• _Activity_: After locating the line that holds "Set in this", copy that line and all that follow it word for word through the end of the data, with no pictures.

• _Supplied records_:
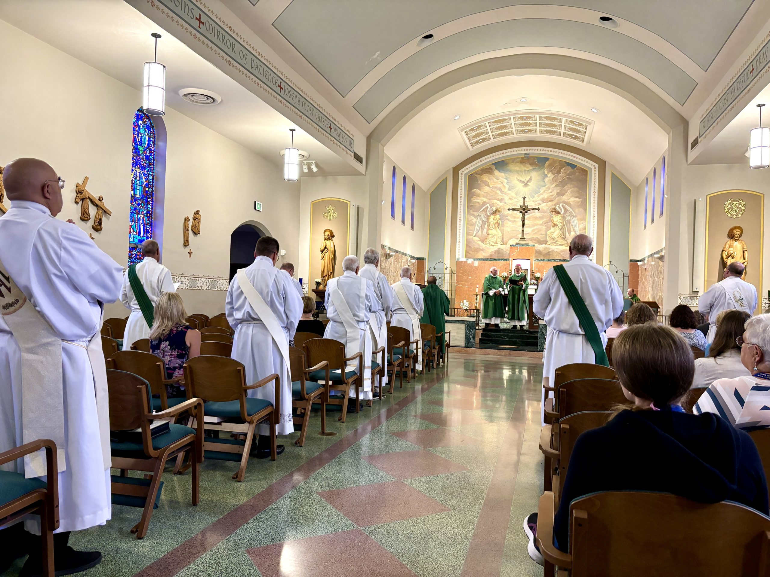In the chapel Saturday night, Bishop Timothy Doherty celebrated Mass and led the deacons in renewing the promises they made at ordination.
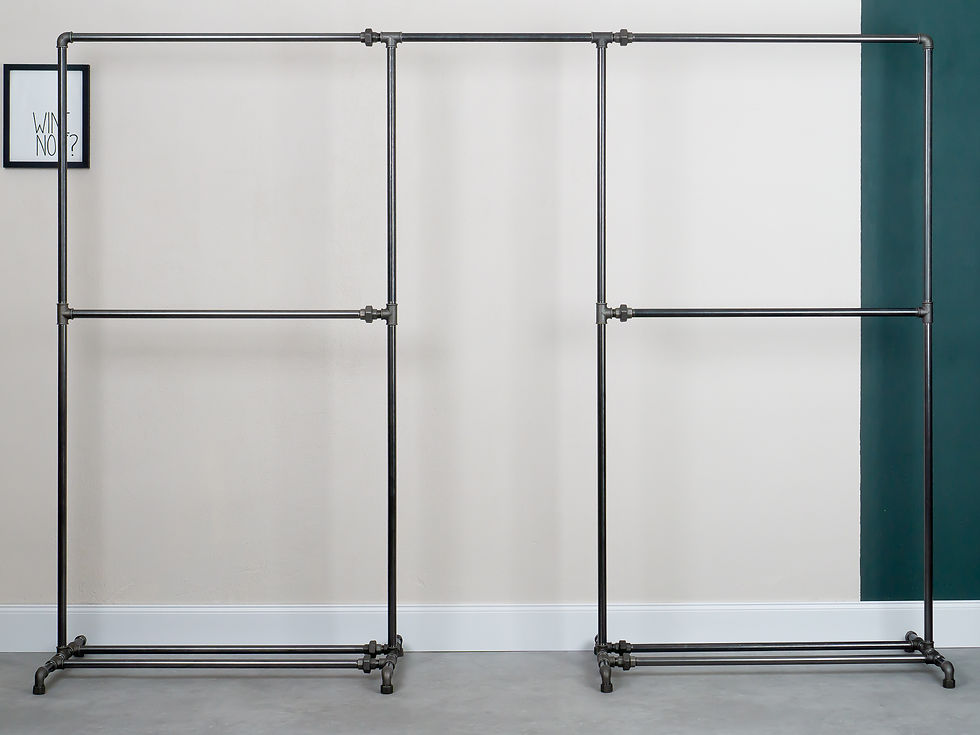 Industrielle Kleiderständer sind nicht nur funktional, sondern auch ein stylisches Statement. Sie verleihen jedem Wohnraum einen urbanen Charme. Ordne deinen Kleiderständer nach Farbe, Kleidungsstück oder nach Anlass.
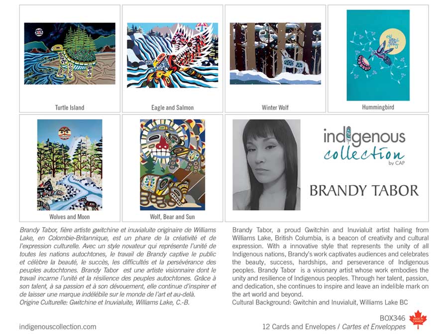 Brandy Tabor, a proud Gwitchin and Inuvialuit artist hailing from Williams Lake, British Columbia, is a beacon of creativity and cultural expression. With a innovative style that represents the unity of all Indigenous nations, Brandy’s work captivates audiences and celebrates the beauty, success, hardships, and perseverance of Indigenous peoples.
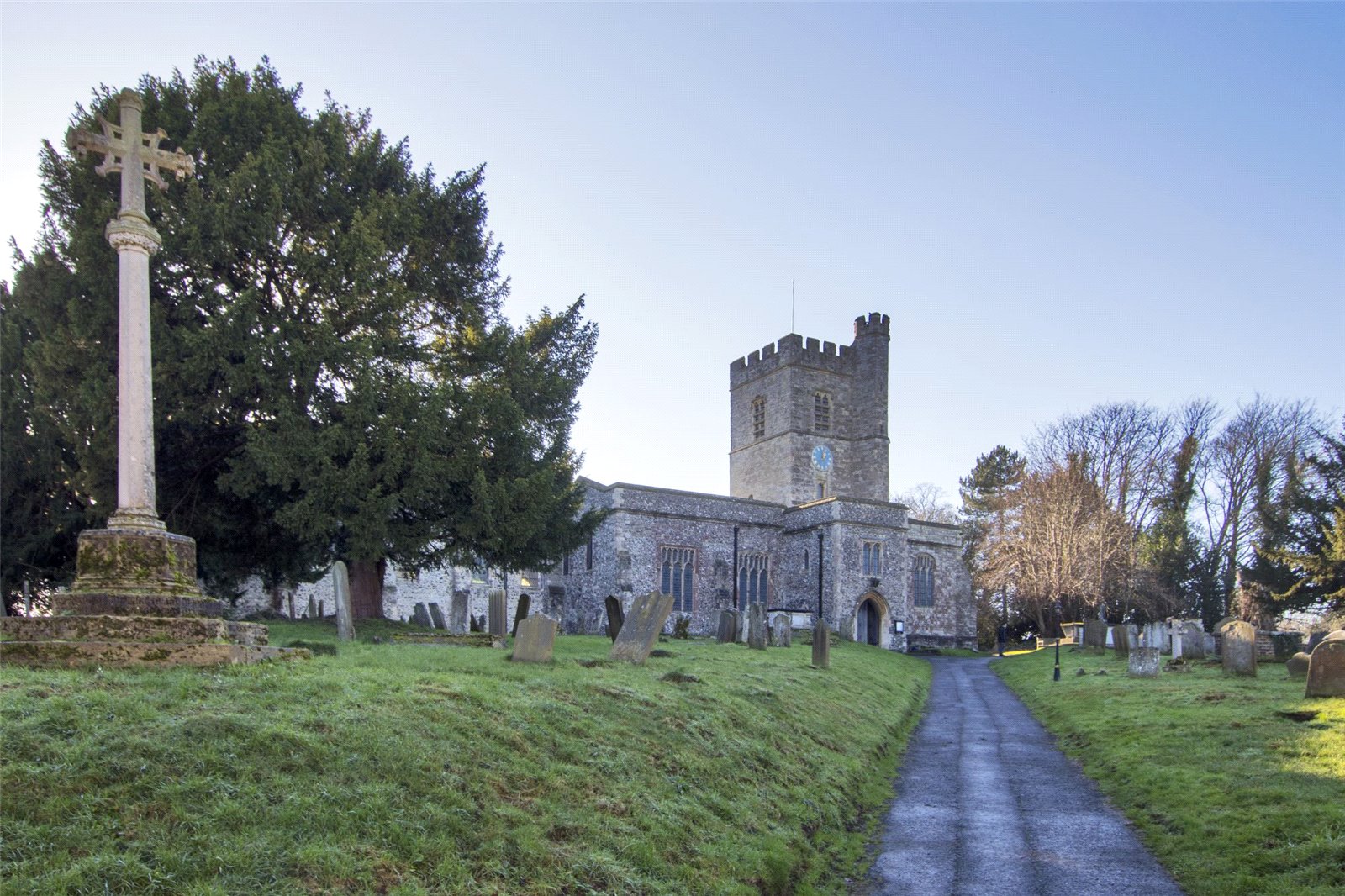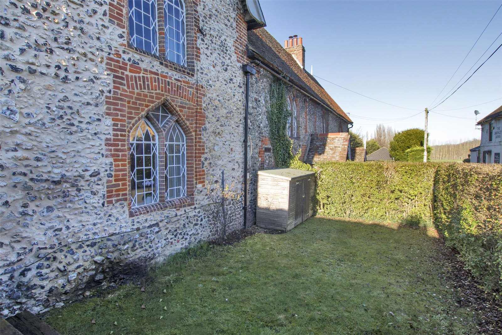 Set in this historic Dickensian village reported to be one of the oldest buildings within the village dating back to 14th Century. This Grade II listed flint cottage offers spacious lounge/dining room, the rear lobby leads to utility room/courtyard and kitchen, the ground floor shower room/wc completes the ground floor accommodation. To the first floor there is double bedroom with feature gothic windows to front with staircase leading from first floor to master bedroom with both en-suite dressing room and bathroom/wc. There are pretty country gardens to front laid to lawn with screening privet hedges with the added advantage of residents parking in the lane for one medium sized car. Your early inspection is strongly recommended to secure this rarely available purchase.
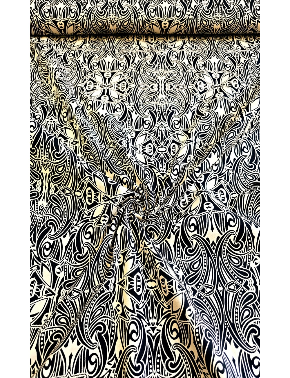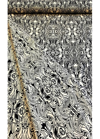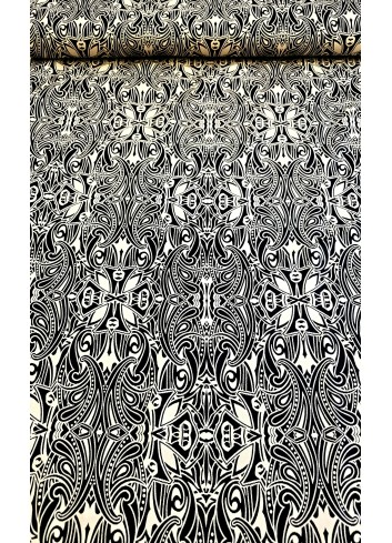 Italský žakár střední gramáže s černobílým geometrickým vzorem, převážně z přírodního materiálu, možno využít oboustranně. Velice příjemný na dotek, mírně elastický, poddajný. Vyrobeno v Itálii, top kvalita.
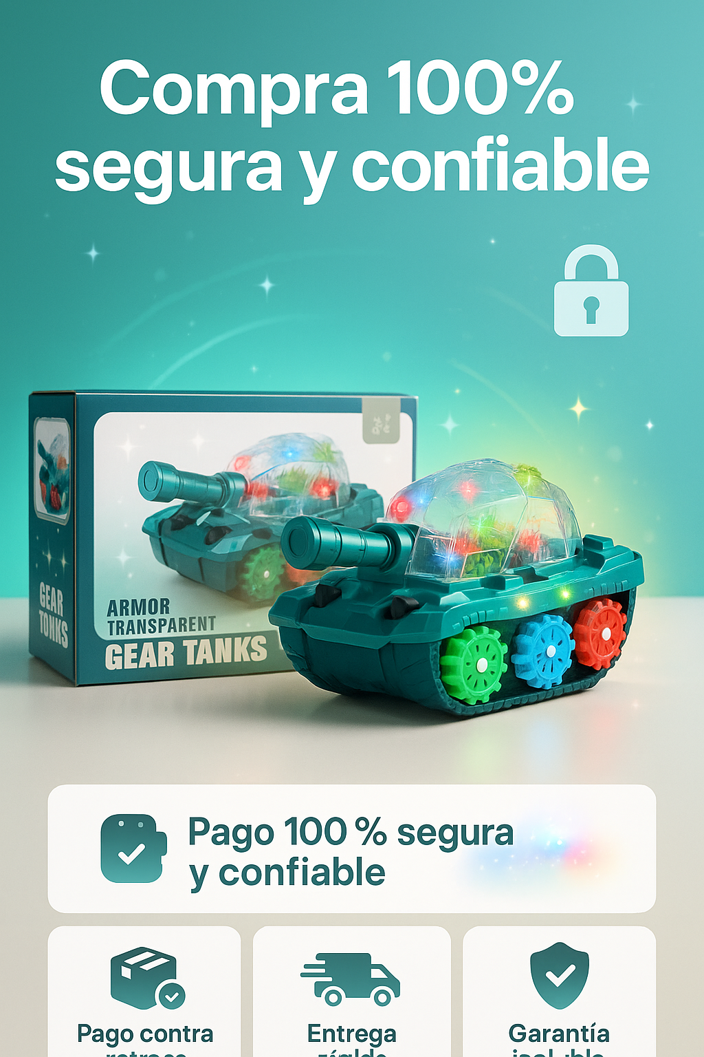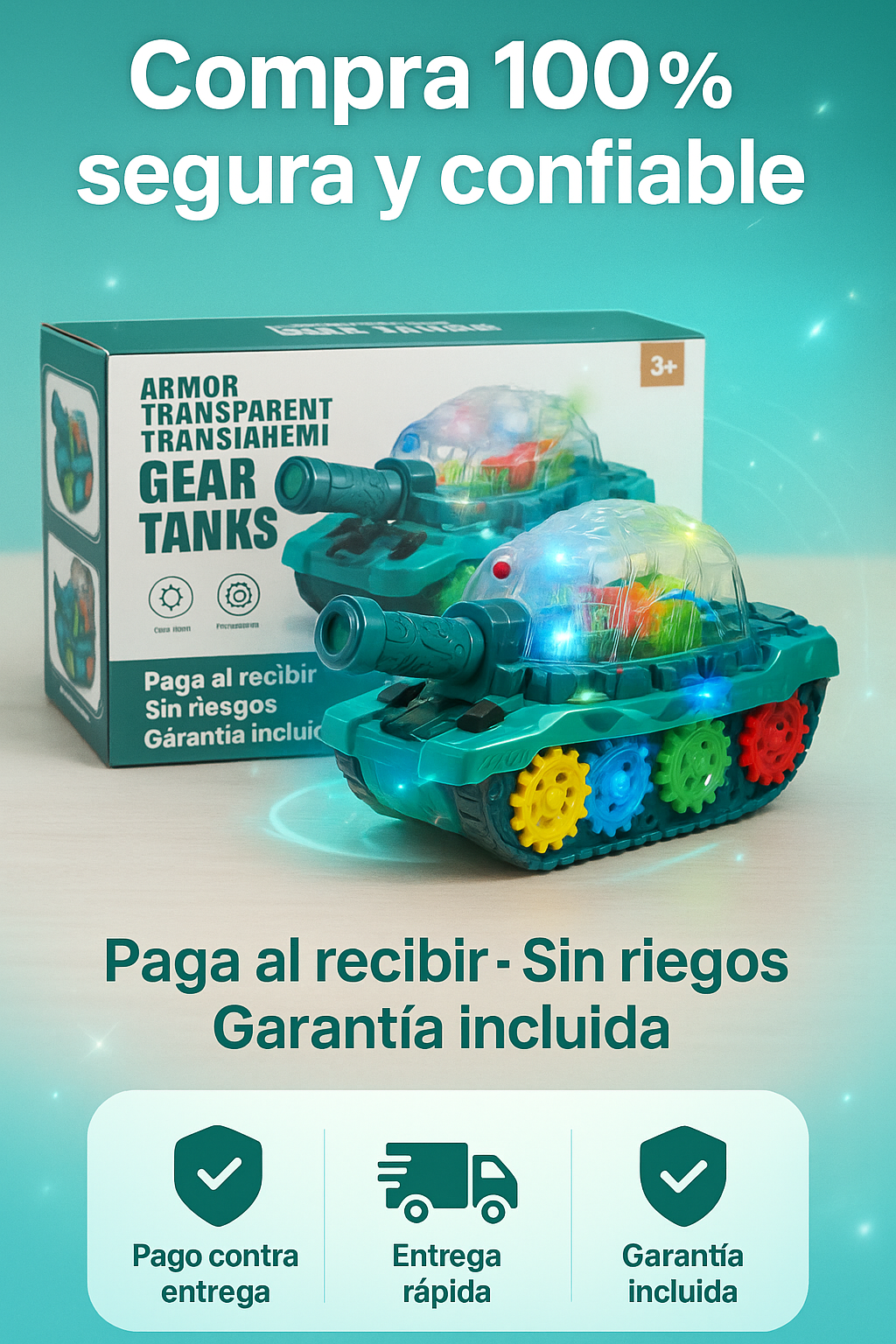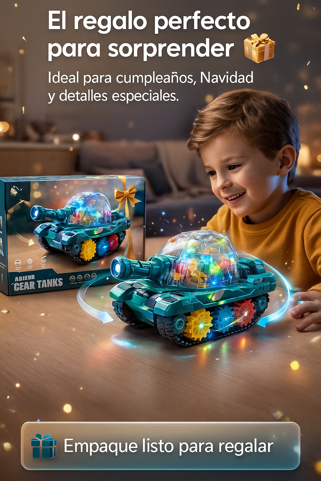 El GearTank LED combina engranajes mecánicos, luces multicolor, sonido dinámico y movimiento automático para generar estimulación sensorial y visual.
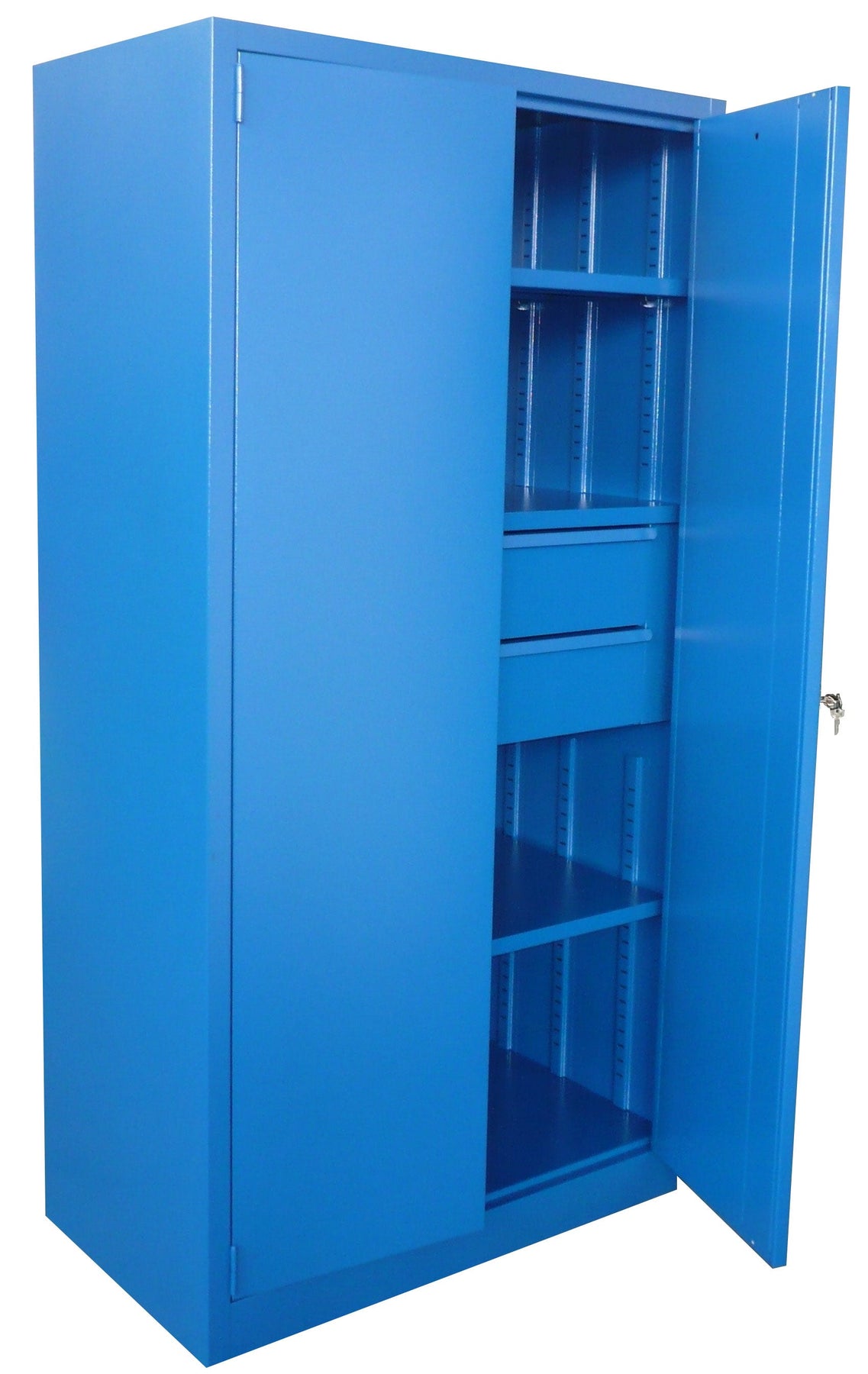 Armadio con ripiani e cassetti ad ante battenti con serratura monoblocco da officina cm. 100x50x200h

• _Answer box_:
 Set in this historic Dickensian village reported to be one of the oldest buildings within the village dating back to 14th Century. This Grade II listed flint cottage offers spacious lounge/dining room, the rear lobby leads to utility room/courtyard and kitchen, the ground floor shower room/wc completes the ground floor accommodation. To the first floor there is double bedroom with feature gothic windows to front with staircase leading from first floor to master bedroom with both en-suite dressing room and bathroom/wc. There are pretty country gardens to front laid to lawn with screening privet hedges with the added advantage of residents parking in the lane for one medium sized car. Your early inspection is strongly recommended to secure this rarely available purchase.
 Italský žakár střední gramáže s černobílým geometrickým vzorem, převážně z přírodního materiálu, možno využít oboustranně. Velice příjemný na dotek, mírně elastický, poddajný. Vyrobeno v Itálii, top kvalita.
 El GearTank LED combina engranajes mecánicos, luces multicolor, sonido dinámico y movimiento automático para generar estimulación sensorial y visual.
 Armadio con ripiani e cassetti ad ante battenti con serratura monoblocco da officina cm. 100x50x200h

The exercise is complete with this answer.